Can an Object Attached to a Spring Return to its Equilibrium Position Only Once?

[OptimusPrime]

An object weighing 34 lbs. is attached to a spring with spring constant 1 lb/ft. This spring-mass system is subject to a damping forece numerically equal to twice the velocity. At time t=0 the object is lowered 3 inches below its equilibrium position and given an initial velocity of 1 ft./sec in the upward direction.

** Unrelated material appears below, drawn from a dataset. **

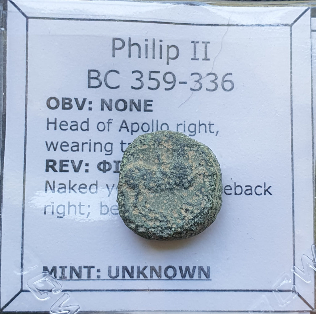 Up for auction is a Greek bronze ae16 coin from Macedonian King Philip II from 359-336 BC.

Show that the object will pass through it equilibrium position exactly once and then creep back towards its equilibrium position.

Thank you


A Response by Kevin:
2004-04-21 at 13:41GMT

This is what I have so far. Please help

So the first thing we need to do is formulate the differential equation. Based on one of Newton's Laws of Motion (forgot which one offhand), the sum of the forces on a body equals the product of the mass and acceleration of the body. If we denote the displacement (in feet) of the mass from its equilibrium position by x (with positive x corresponding to the mass lying below its equilibrium position), then

spring force = -k*x, k = 1 lb/ft (Hook's Law)
damping force = -c*(dx/dt), c = 2 lb/(ft/s)

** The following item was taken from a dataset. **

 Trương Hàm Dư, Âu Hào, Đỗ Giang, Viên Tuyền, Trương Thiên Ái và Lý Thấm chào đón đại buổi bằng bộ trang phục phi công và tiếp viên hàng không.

Since acceleration is the second time derivative of displacement, we arrive at

m*(d^2x/dt^2) = -k*x - c*(dx/dt)

Letting ' denote differentiation by t, we obtain the differential equation

m*x'' + c*x' + k*x = 0

with initial conditions

x(0) = x0 = 3 inches = 1/4 ft
x'(0) = v0 = -1 ft/s

 

[arildno]

Try an exponential solution, e^(i*at), and see what get.. (i sqrt(-1))

 

[OptimusPrime]

thanks

Thanks for the response,

I've been at this problem for hours. I don't know how to apply what you said into the problem. Please tell me how.

 

[arildno]

1. of all it's Newton's second law.
2. You've got what's called a linear differential equation with constant coeffecients (LDEC)
3. It has been shown, that every (LDEC) has exponential solutions, if you include the complex exponential in your definition of the exponential function.
4. Perhaps you haven't heard of the c.ex. before?
In that case:
e^(i*w)=cos(w)+i*sin(w), i=sqrt(-1)
5. If you haven't seen complex numbers before, don't be scared!
Think of a plane with the real number line as the x-axis, the y-axis is the imaginary line.
Any point in the (x,y) plane is called a complex number, and is written as x+i*y
All operations of addition and multiplication is as before, just remember that i*i=-1

TO THE PROBLEM:
6. Differentiation is just the same with a complex function, than with a real function.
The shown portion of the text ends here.